• Bids – After Charles Taylor yesterday and Smith & Williamson going to private equity backed forms we have Statpro today for £161m. Happy Friday.
  • Manolete AGM statement is reassuring with 60 new cases invested and 18 completed since March compared to 12 in H1 2018.

Smith & Williamson – Acquisition by Tilney

Valuation £625m

  • Offer – The price of Smith & Williamson has been agreed with the private equity backed Tilney at £625m. That represents 2.3X the (slightly dated) April 2018 reported turnover.  Or 12.6X Adjusted EBITDA.   
  • Valuation – This is a comparable valuation to Brooks Macdonald and a little lower than Rathbone who looked at Smith & Williamson in 2017.
Mkt Cap Mkt Cap/EBITDA Mkt Cap/Rev  
Brewin 958 10.4 2.9  
Rathbone* 1338 14.6 4.3  
Brooks Macdonald 274 12.3 2.6  
* PBT in place of EBITDA as it is a bank
  • Sector comps The stats below show the typical private equity traits of private equity for Tilney. High operating margins off the back of tightly controlled staff costs and a balance sheet that has been stripped to the bone (net debt £345m).
Tilney Smith & Williamson Brewin Rathbone IM
Year End Dec 18 April 18 Sept 18 Dec 18
AUM (m) 23,000 20,100 42,800 38,500
Clients (k) 100 62 60
Revenue £m 228.9 266.7 329 275.3
Adjusted EBITDA £m 87.4 49.41 83.1 78.8
Costs £m 177.1 218.0 252.3 196.5
Staff Costs £m 88.1 157.5 174.8 104.2
Net inflows p.a 2.50% 2.80% 3.70% 3.40%
Average head count 1133 1722 1763 1296
Revenue yield on avg. AUM 97.4 132.6 79.3 76.3
EBITDA margin 38.2% 18.5% 25.3% 28.6%
Net debt 345.1 280m NAV 274m NAV 464.1m NAV
Staff cost/head (£) 77,700 91,480 99,149 80,401
AUM/head (£m) 20.3 11.67 24.28 29.71
AUM/Client (k) 230 690 642
Client/Head 88 35.2 46.3
Staff cost/other costs (%) 49.7% 72.3% 69.3% 53.0%
Offices 55 12 30 15
  • Conclusion –I wonder if this combination could challenge the traditional models of Brewin and Rathbone, now their AUM are similar. Certainly its easier to pay up when you can strip out the balance sheet while Brewin raised £60m fresh equity last May for acquisitions. This may well put pressure on the traditional models. Certainly for Brewin, whose shares are looking cheap now they are down 20% from their January 2018 peak they run the risk of being a target.

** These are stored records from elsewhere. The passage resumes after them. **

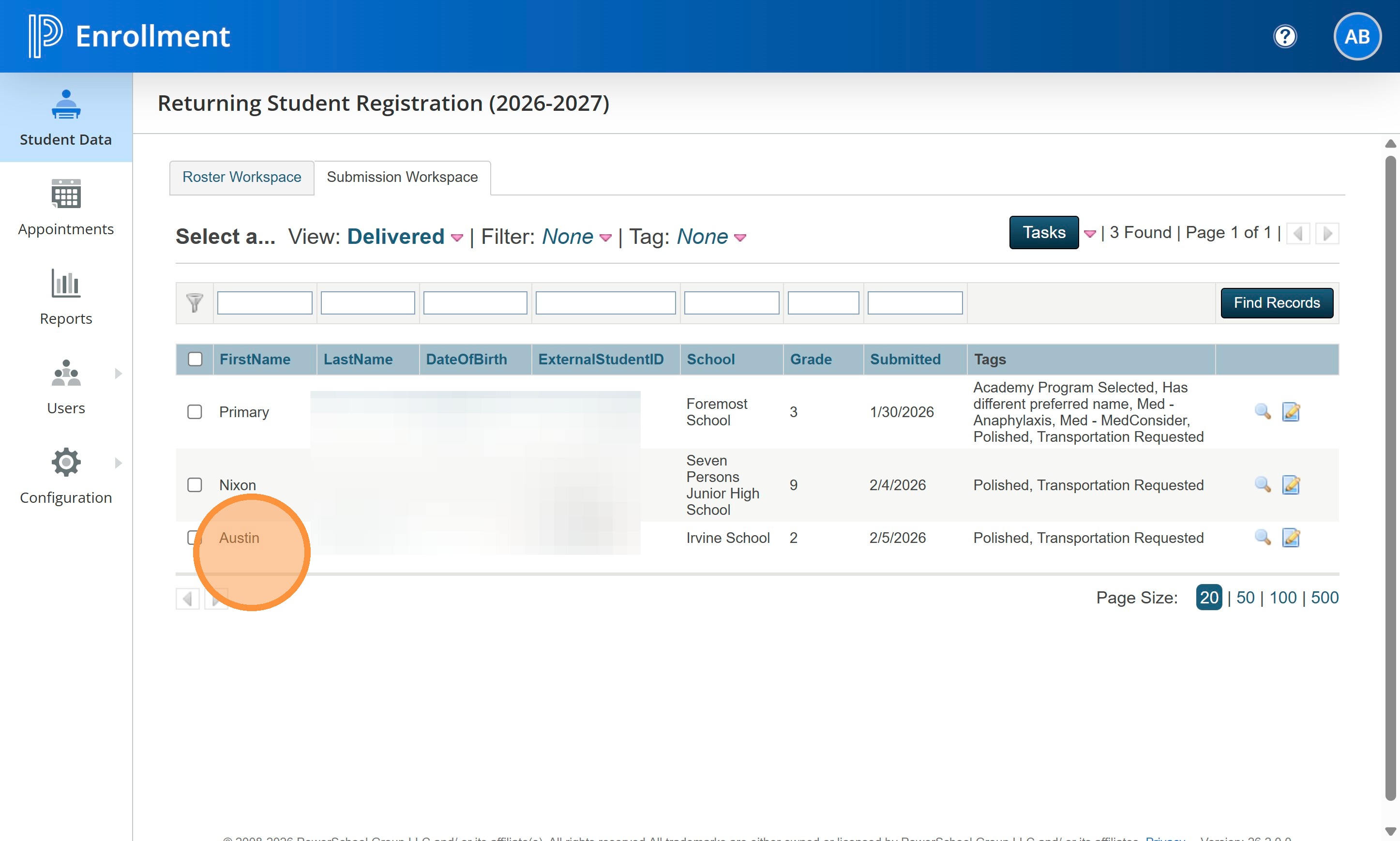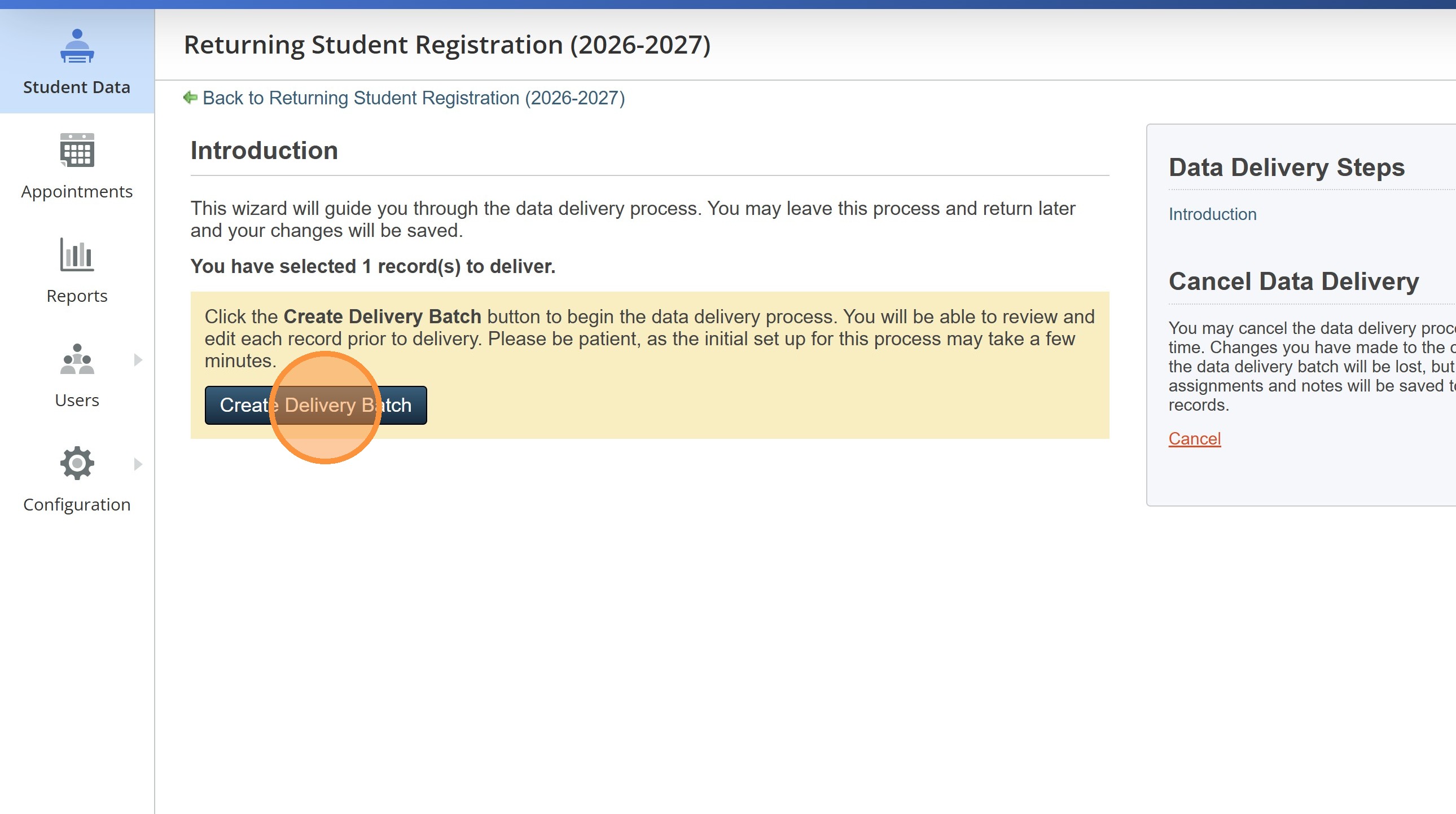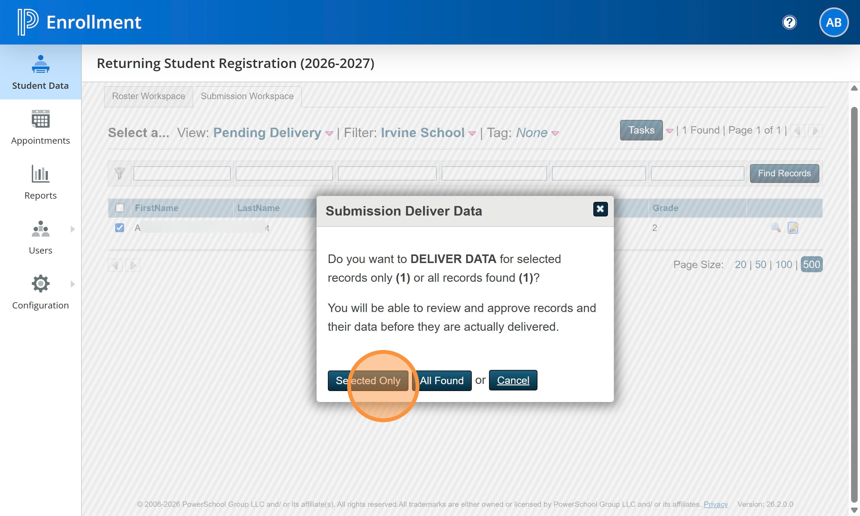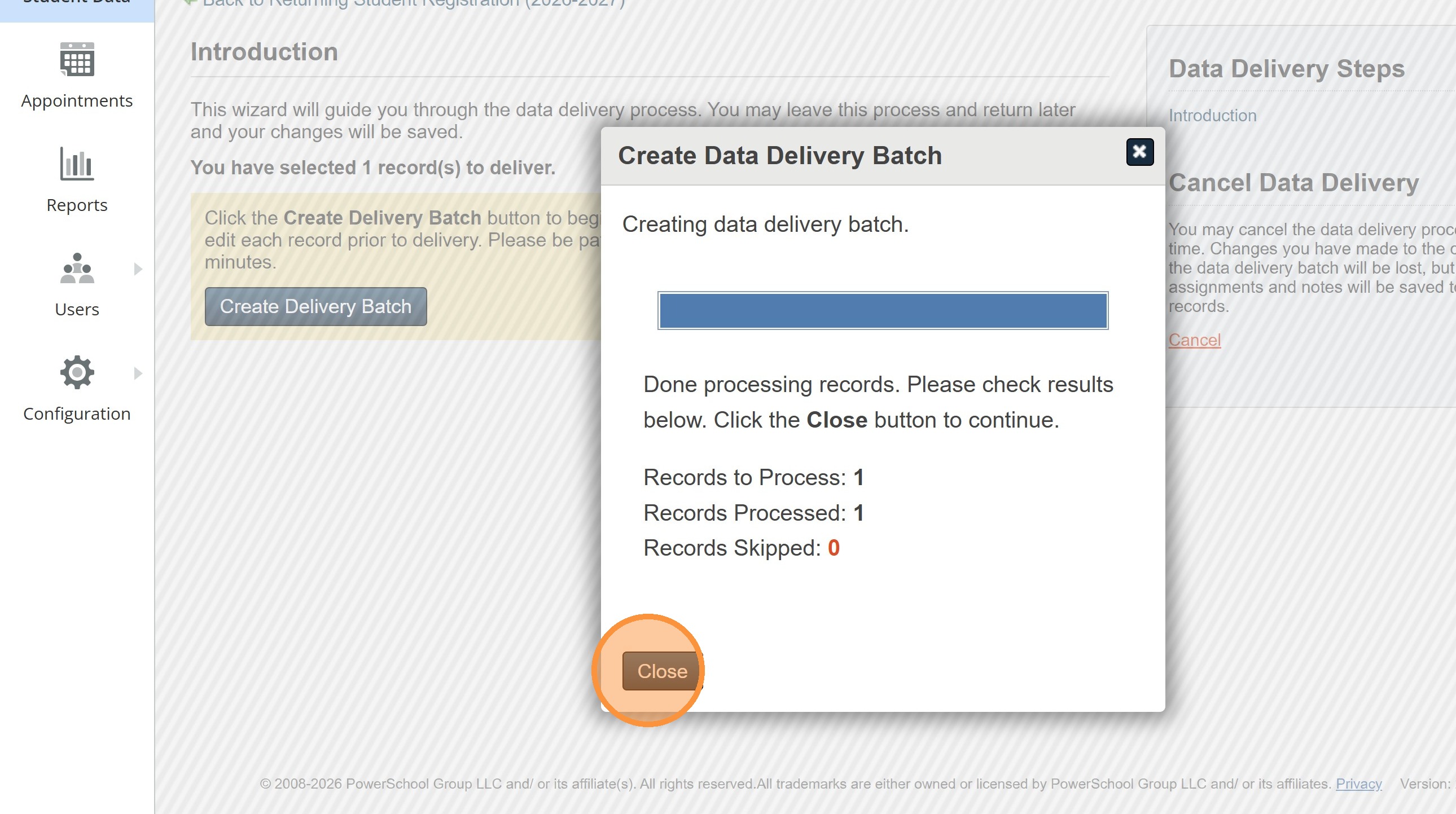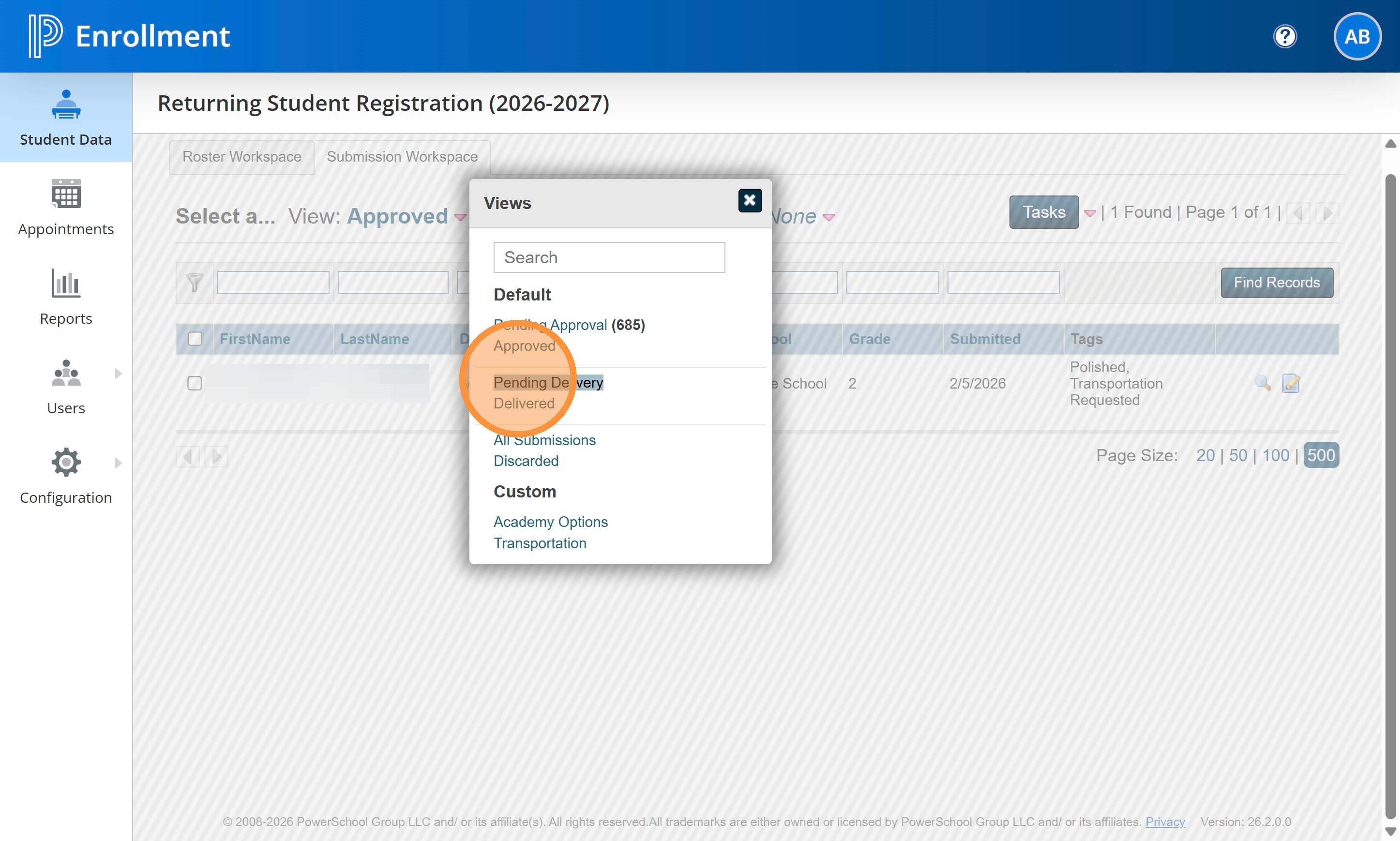 16. To deliver the student information into PowerSchool SIS, you will need to change to the Pending Delivery view.
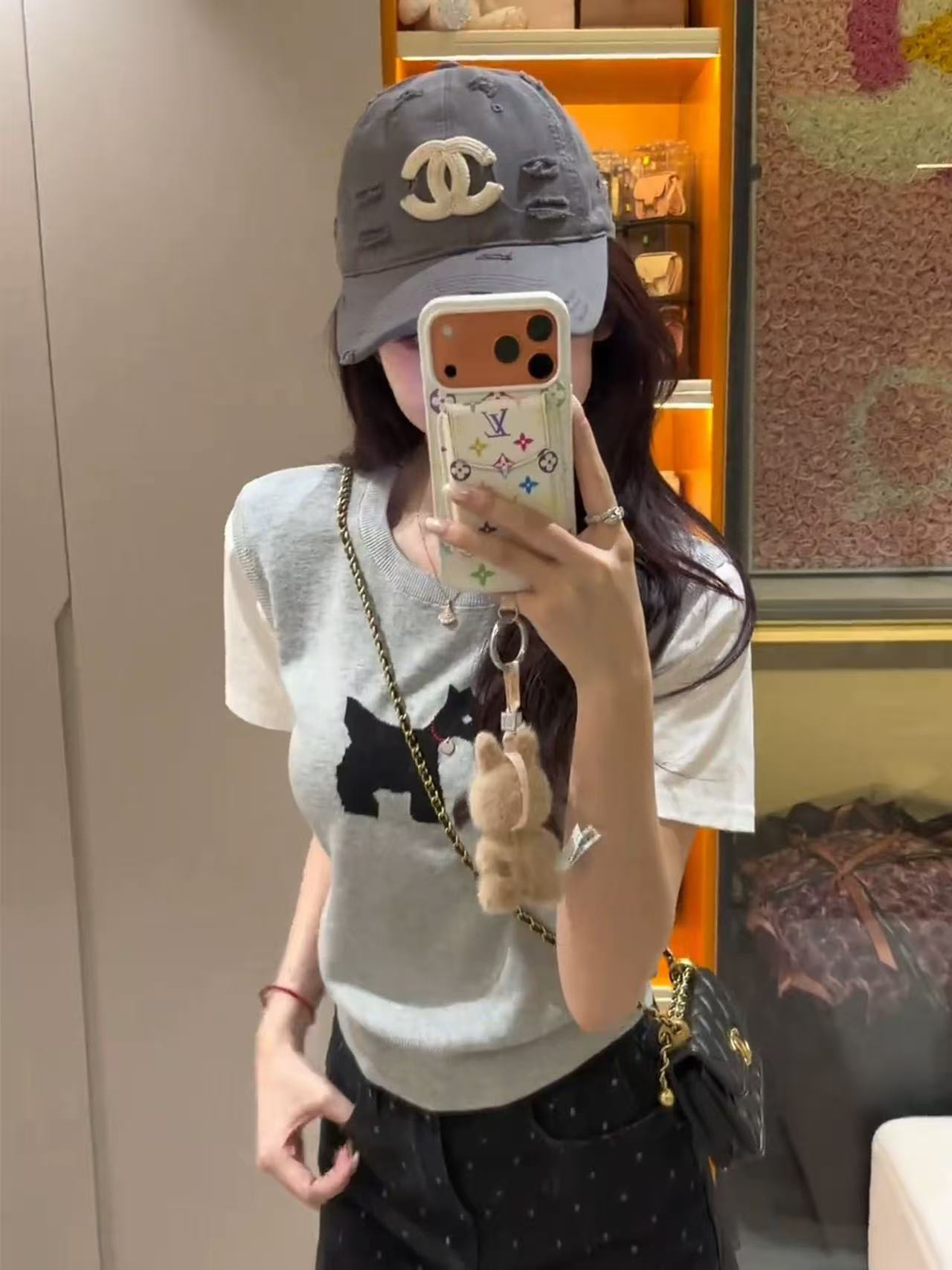 한 부서 검정색 강아지 페이크 레이어드 니트 반팔 티셔츠 여성 여름 디자인 센스 작은 대중 고유 한 아름다운 맨위 서비스
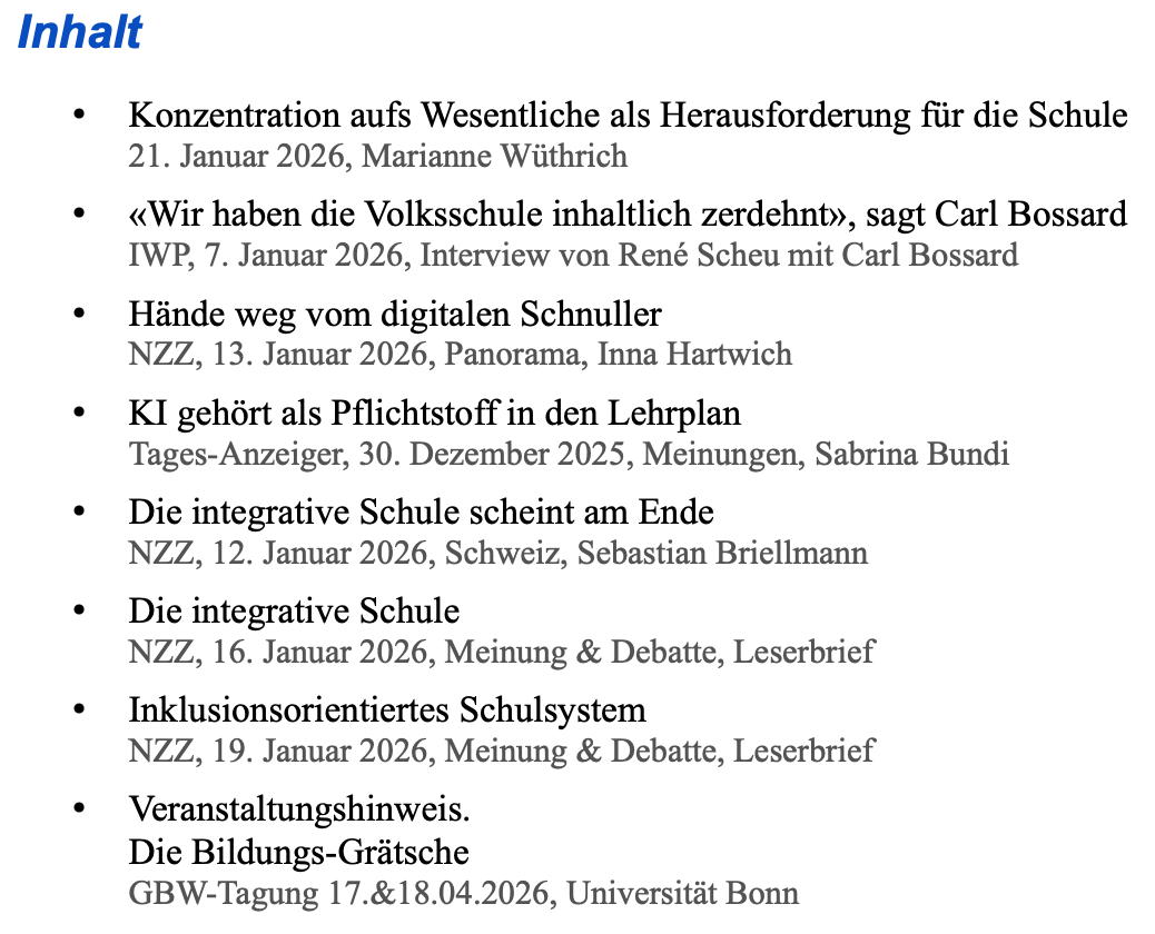 Wir begrüssen alle Leserinnen und Leser zum Neuen Jahr 2026 und freuen uns auf den weiteren Austausch mit Ihnen, gerne als Echo auf unseren Newsletter oder vielleicht auch persönlich an einem der nächsten Vortrags- und Diskussionsabende des Vereins Starke Volksschule Zürich.
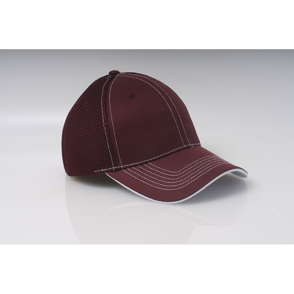 Pacific Headwear takes cap fashion to the next level by introducing the logoed Pacific Headwear Maroon/White Velcro Adjustable Soft Trucker Mesh Contrast Cap. Instead of trying to snap a closure together to create a comfortable fit, the stylish contrast cap includes a Velcro closure that takes just a couple of seconds to adjust. The plush polyester mesh back endures the punishment inflicted on it by frequent use, as well as enhances your comfort by circulating air to cool the skin. Pre-curved visor gives you a cap that is ready for the big game. Add a custom logo to spread the word about your business.Highlights
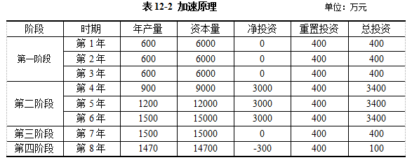 通过对表12-2的分析,我们能够进一步理解西方经济学者对加速原理的说明:
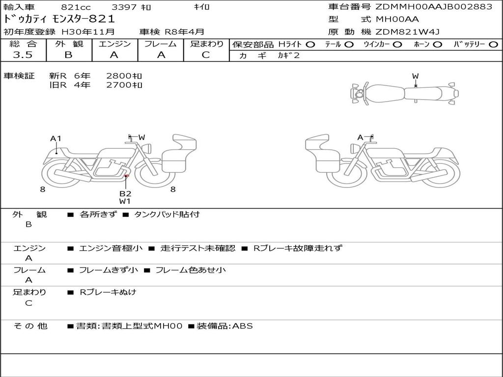 | Номер рамы / VIN | ZDMMH00AAJB002883 |
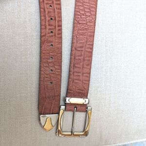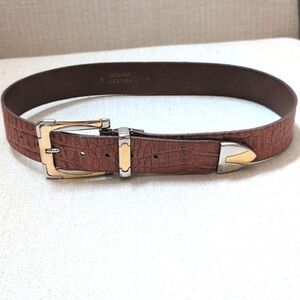 Genuine Leather Croc Embossed Brown Belt Gold & Silver Buckle and Tip Vintage
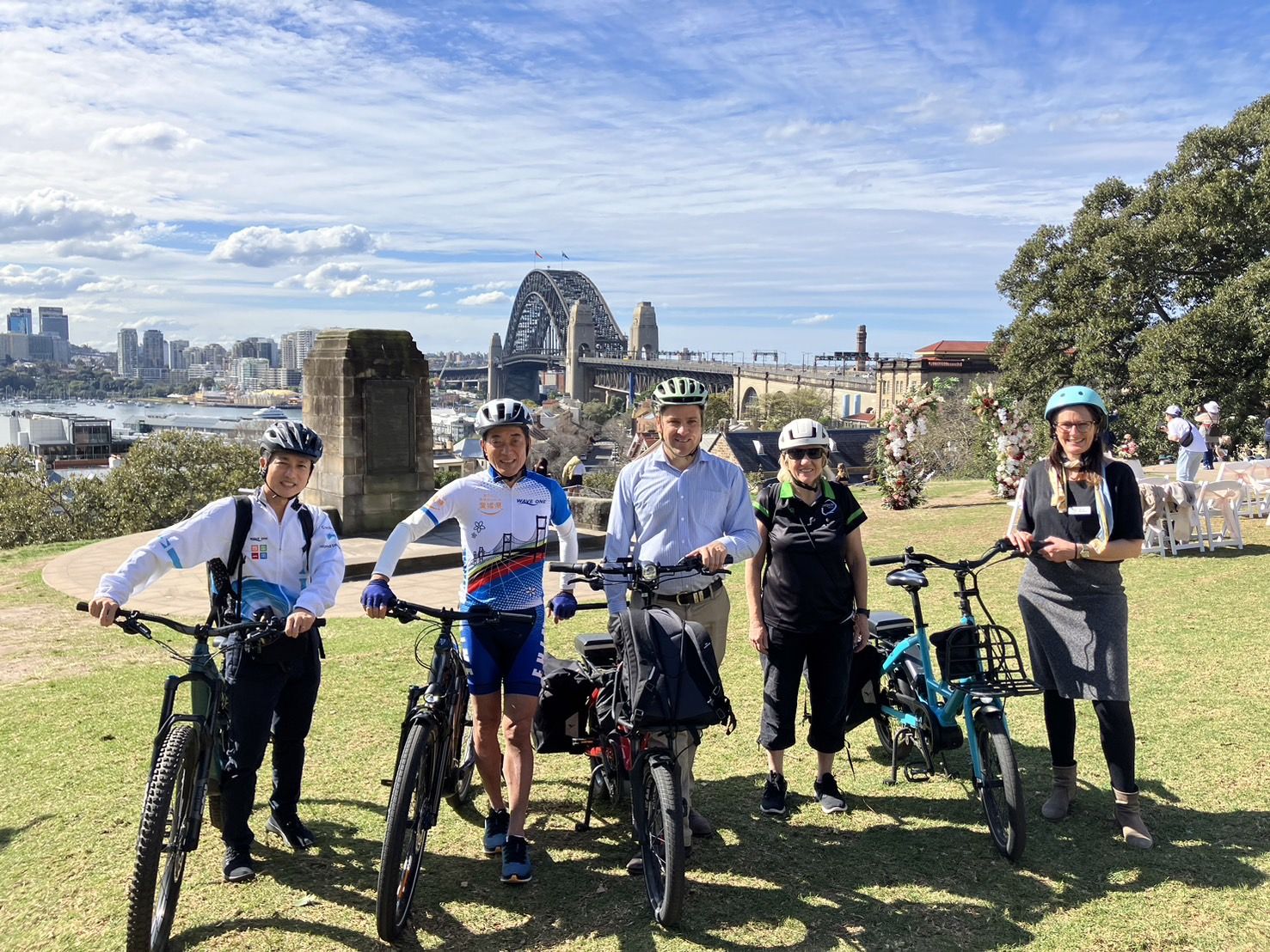 中村知事は同日の視察について「シドニーは自転車専用道路の整備や美しい景観など、サイクリストにとって走りやすい環境が整っていると感じた。今後の交流を通じて、NSW州からは特に安全性に関する取り組みを学びたい」と述べた。

Charles Taylor Plc – Cash Offer

Share Price 235p

Mkt Cap £183m

Conflict Disclosure: No Holding

  • Offer – Cash offer of 315p is a 40% premium from a US private equity firm, Lovell Minnick.
  • Valuation – The offer price represents a PER of 12.3X estimates 2019 earnings.  The company has average debt in the region of £60m, a pension deficit of £28m and deferred consideration of £10.9m at Dec 18.  The EV is therefore £344m, representing a respectable EV/EBITDA multiple of 8.9X.
  • Conclusion –This looks like a good escape for shareholders. The price is not excessive but this complex business will have a limited number of buyers. While the buyers says they will support management I suspect a break up may be the result as there are global firms such as Cunningham Lindsay who would buy the adjusting business which has entirely different dynamics to the high ROE cash cow of the mutual business. A useful end to a 20 year path of value destructive acquisitions. I find myself wondering with the weak pound and low equity markets how many other companies will fall to overseas private equity.

IG Group  – Q1 Results

Share Price 578p

Mkt Cap £2,137m

Conflict Disclosure: I Hold

  • Results – IG Group reports flat revenues on the prior year.  Driven by favourable markets in August and higher active client numbers. The company reports relative to the average quarter of last year as revenue declined over the year and states its performance relative to its stated targets of 3-5% core growth and £100m from significant opportunities by 2022. Core grew 9% above the average of last year and significant opportunities delivered £19.9m revenue in Q1.
  • Estimates – Australian Regulation now causes a threat to forecasts but the guidance remains unchanged. Forecasts seek PBT of £178m to May 2020 which is EPS of 39.2p
  • Valuation – PER 14.8X, Yield 7.5%. Net assets are £26m.  Currently there is no return on those assets.CMC trades at 14.1X and Plus 7.4X
  • Conclusion – There are cynics who doubt the performance of the companies targets, but this provides reassurance. Australia was 15% of revenue last year and this may come under pressure but I suspect all these companies will recover over time. 2022 forecasts are considerably lower than the companies guidance and the company trades at 11.4X the 2022 forecasts.  There may yet be upside on forecasts and in the meantime there is a useful yield.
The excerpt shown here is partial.